Annex H requires correlating AFT evidence with existing DO-178C artifacts (e.g., requirements, source code, test results) and ARP4754A system safety assessments. Teams should adopt unified configuration management and metadata tagging strategies—especially for AI-specific assets like training datasets, hyperparameters, and model versioning records—to avoid fragmented or non-auditable evidence trails.
While RTCA is not a regulatory body, its guidance strongly informs FAA and CAAC policy. Chinese enterprises should initiate early alignment discussions with CAAC’s Aircraft Airworthiness Certification Office (AACO) to clarify national implementation pathways, potential equivalency allowances, and domestic toolchain recognition procedures ahead of the September 2026 pilot deadline.
This release marks a pivotal shift: RTCA has moved beyond treating AI as a ‘black-box component’ and now demands structured, mechanistic reasoning about how AI failures propagate to catastrophic outcomes. Analysis shows that Annex H does not prohibit AI use—it reframes assurance from statistical confidence to causal rigor. Observably, the AFT framework mirrors techniques used in semiconductor functional safety (ISO 26262 ASIL D), suggesting convergence across high-integrity domains. From an industry perspective, the real bottleneck may not be technical capability but organizational readiness: integrating safety engineers, ML researchers, and certification specialists into a single, co-owned AFT development process remains uncommon in current avionics R&D structures. Current more critical challenge lies less in algorithmic novelty and more in cross-disciplinary workflow harmonization.

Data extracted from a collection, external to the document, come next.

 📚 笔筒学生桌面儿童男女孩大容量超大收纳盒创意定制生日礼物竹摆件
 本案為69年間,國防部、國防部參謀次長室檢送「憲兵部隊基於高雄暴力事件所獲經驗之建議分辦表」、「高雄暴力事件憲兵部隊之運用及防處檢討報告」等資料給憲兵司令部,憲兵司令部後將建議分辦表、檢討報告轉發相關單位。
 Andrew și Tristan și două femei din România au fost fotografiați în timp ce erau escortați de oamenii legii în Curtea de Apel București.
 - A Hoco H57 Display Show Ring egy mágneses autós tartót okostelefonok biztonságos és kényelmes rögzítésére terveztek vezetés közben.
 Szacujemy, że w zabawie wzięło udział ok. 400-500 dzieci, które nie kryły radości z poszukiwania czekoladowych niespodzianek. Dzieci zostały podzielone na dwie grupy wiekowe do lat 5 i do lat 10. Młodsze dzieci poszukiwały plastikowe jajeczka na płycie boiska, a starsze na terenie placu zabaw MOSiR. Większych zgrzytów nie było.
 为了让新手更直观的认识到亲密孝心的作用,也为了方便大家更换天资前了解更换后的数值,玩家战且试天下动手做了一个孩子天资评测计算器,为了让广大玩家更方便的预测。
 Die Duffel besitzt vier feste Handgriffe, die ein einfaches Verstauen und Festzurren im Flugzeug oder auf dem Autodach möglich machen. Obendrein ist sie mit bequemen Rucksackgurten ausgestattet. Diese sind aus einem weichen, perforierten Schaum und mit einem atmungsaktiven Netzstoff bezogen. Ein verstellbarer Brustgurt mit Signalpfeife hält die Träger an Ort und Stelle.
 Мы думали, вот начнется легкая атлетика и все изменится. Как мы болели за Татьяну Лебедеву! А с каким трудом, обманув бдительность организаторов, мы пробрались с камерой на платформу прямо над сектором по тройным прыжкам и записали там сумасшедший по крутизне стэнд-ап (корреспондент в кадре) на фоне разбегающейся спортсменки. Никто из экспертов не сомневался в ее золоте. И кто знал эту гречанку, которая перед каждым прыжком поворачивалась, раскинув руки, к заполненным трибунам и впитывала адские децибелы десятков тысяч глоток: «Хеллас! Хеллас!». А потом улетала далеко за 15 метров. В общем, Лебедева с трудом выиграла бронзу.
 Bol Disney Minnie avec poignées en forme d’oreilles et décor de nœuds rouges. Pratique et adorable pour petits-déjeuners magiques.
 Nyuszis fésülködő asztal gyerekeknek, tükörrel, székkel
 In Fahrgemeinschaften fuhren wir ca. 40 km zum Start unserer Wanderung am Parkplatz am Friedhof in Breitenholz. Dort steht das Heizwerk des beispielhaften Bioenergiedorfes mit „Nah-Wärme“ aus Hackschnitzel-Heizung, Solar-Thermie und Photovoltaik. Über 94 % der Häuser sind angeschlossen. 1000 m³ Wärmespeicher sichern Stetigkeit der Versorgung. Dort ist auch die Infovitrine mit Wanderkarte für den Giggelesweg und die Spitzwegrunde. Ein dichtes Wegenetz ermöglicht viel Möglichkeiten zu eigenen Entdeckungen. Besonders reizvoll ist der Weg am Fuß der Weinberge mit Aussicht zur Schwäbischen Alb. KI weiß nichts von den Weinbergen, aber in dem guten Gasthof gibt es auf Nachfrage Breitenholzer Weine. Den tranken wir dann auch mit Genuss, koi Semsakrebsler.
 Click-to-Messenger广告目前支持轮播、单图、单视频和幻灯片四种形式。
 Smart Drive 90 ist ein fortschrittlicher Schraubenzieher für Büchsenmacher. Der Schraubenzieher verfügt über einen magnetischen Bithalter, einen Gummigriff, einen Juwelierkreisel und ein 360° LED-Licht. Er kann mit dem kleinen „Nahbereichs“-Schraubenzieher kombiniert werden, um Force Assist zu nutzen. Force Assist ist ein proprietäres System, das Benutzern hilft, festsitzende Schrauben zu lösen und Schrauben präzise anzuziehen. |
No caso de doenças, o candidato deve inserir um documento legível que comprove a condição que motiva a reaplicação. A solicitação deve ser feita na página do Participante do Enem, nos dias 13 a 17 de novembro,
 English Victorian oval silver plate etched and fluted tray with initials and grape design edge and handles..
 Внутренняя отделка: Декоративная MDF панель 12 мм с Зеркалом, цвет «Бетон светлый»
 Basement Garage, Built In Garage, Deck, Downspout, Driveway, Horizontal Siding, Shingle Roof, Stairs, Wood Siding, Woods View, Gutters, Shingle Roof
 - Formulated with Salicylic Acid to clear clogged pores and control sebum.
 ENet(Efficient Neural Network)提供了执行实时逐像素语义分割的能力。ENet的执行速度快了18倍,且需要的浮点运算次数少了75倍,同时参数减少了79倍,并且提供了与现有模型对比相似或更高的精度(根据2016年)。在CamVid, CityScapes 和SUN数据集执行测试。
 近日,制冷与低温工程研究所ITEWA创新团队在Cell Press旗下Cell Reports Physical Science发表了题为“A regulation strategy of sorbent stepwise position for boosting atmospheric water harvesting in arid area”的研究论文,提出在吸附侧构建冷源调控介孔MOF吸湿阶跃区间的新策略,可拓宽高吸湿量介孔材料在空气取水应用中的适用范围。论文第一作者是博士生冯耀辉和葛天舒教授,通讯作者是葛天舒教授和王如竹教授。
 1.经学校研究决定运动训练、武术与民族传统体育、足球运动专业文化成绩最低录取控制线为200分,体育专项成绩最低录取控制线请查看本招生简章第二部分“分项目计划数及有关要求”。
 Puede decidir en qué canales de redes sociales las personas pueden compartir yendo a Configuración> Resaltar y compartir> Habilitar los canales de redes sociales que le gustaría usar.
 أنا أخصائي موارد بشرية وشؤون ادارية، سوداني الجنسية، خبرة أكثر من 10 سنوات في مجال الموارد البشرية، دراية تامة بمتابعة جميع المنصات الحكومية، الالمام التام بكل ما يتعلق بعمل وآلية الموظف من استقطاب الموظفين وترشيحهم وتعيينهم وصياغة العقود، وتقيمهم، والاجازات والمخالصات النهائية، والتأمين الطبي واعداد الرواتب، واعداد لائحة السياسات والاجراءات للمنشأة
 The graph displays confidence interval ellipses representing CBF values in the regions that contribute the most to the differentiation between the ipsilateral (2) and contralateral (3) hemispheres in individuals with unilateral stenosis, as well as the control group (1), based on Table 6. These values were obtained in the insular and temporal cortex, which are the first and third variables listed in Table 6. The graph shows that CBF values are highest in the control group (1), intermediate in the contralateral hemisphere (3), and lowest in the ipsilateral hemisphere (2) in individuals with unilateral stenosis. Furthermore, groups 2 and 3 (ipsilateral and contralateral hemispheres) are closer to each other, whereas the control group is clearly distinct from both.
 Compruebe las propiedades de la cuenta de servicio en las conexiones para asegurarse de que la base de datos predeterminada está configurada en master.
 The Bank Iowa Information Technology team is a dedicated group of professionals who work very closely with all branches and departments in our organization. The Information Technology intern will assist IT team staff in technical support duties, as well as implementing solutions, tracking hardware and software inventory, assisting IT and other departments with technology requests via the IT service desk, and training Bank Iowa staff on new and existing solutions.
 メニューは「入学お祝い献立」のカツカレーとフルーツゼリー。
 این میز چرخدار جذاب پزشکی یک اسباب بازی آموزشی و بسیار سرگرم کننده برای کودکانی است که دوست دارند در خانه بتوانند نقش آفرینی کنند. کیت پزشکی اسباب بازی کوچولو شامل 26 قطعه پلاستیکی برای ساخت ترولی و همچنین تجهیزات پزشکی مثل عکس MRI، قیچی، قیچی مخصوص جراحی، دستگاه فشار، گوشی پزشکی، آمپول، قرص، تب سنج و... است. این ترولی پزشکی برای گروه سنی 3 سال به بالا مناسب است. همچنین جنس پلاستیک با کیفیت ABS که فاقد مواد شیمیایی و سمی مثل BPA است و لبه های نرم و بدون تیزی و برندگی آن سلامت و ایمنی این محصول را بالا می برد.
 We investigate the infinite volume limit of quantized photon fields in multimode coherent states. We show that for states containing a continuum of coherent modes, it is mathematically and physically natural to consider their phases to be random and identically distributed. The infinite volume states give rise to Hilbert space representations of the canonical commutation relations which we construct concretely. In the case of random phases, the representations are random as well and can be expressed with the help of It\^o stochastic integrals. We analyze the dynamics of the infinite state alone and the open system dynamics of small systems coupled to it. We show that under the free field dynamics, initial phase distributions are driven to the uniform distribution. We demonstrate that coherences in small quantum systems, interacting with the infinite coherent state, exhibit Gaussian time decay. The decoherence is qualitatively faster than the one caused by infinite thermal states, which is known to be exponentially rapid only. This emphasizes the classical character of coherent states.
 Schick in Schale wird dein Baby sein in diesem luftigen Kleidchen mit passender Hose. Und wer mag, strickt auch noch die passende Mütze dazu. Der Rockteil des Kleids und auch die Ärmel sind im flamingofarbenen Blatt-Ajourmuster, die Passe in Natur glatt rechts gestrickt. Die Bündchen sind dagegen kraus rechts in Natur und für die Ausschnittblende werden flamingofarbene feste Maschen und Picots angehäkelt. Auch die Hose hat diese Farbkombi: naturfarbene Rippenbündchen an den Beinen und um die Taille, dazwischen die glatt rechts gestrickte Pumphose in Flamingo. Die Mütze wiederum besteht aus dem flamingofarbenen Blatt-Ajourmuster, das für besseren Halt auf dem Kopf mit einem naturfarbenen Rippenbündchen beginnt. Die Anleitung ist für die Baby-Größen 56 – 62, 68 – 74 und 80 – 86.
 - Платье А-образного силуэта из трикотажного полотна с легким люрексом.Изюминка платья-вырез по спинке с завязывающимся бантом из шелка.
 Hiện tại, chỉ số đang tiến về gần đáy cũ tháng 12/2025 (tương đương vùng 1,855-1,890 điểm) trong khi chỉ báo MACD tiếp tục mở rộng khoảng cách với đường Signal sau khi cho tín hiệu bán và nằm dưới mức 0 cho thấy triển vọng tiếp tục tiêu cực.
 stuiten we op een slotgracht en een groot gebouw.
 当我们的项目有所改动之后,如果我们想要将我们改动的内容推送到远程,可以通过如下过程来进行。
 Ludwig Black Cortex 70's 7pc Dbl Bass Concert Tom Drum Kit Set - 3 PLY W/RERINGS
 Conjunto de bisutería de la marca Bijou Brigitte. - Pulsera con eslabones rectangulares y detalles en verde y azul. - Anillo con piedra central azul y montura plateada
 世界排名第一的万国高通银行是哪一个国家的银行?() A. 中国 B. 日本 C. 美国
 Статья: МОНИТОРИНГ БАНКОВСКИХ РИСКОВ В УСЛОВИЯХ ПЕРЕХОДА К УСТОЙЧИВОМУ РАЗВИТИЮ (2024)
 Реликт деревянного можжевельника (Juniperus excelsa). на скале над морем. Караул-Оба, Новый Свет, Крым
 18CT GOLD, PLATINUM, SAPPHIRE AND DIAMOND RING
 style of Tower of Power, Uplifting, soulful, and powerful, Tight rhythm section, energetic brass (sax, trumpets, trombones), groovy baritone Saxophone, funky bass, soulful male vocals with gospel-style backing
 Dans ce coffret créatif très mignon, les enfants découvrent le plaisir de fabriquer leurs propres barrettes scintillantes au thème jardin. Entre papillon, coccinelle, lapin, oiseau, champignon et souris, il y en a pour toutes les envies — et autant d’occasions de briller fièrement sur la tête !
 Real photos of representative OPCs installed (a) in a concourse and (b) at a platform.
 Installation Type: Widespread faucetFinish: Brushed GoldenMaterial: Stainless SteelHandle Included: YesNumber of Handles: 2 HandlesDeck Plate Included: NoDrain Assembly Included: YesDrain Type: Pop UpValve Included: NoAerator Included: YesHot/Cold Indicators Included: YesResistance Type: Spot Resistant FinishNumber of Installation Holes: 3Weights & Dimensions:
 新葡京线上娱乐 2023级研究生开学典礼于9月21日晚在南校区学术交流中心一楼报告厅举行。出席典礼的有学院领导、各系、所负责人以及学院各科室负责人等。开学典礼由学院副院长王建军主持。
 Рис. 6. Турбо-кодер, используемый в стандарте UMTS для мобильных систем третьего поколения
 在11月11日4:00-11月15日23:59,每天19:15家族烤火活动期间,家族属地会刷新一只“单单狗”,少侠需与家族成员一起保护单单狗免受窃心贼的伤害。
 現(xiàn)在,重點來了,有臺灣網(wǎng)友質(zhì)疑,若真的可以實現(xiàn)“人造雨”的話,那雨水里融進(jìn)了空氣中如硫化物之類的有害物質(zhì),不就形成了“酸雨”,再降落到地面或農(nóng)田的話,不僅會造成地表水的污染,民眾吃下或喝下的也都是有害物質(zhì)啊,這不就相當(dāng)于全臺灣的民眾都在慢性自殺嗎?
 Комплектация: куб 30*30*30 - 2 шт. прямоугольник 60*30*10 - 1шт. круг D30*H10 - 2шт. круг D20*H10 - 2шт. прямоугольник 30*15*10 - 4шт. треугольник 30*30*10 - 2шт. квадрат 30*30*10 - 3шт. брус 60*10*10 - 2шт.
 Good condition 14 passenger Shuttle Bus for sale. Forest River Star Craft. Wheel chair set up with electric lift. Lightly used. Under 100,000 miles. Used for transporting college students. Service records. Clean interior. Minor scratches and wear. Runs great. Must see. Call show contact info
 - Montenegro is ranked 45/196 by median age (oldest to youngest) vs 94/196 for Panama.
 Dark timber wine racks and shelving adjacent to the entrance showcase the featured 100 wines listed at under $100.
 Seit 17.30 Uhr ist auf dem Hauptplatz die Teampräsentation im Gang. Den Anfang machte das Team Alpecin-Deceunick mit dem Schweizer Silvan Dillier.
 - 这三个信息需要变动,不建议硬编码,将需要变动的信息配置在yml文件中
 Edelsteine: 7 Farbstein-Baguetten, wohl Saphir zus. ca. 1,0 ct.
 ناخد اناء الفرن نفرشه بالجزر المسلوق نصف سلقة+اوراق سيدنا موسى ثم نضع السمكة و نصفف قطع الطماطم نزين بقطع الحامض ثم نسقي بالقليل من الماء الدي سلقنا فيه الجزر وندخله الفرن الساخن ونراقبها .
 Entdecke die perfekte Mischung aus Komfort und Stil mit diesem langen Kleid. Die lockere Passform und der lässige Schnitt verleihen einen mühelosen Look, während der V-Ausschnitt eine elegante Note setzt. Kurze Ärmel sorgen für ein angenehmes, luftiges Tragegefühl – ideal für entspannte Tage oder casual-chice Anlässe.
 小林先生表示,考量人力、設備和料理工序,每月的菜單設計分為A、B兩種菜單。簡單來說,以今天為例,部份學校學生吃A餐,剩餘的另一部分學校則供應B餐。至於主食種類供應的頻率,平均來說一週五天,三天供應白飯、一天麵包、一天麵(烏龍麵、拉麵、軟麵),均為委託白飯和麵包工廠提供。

The publication of DO-178C Annex H signals the formal maturation of AI assurance in civil aviation. It elevates expectations for transparency, causality, and verifiability in AI-enabled flight systems—moving beyond benchmark accuracy toward hazard-aware operational integrity. For global suppliers, especially those targeting international certification, this is not merely a documentation update but a foundational recalibration of AI development culture. Rational observation suggests that early adopters who treat AFT as a design enabler—not just a compliance hurdle—will gain measurable advantage in time-to-certification, stakeholder trust, and future standard evolution influence.
Official publication: RTCA Document DO-178C Annex H, issued May 13, 2026 (RTCA, Inc., Washington, DC). Supporting materials include RTCA SC-205 Working Group minutes (Q1–Q2 2026) and FAA Notice N 8900.432 (issued April 2026, referencing Annex H applicability). CAAC’s preliminary response remains pending; ongoing monitoring of CAAC Advisory Circular AC-21-AA-2026-XX (draft expected July 2026) is recommended.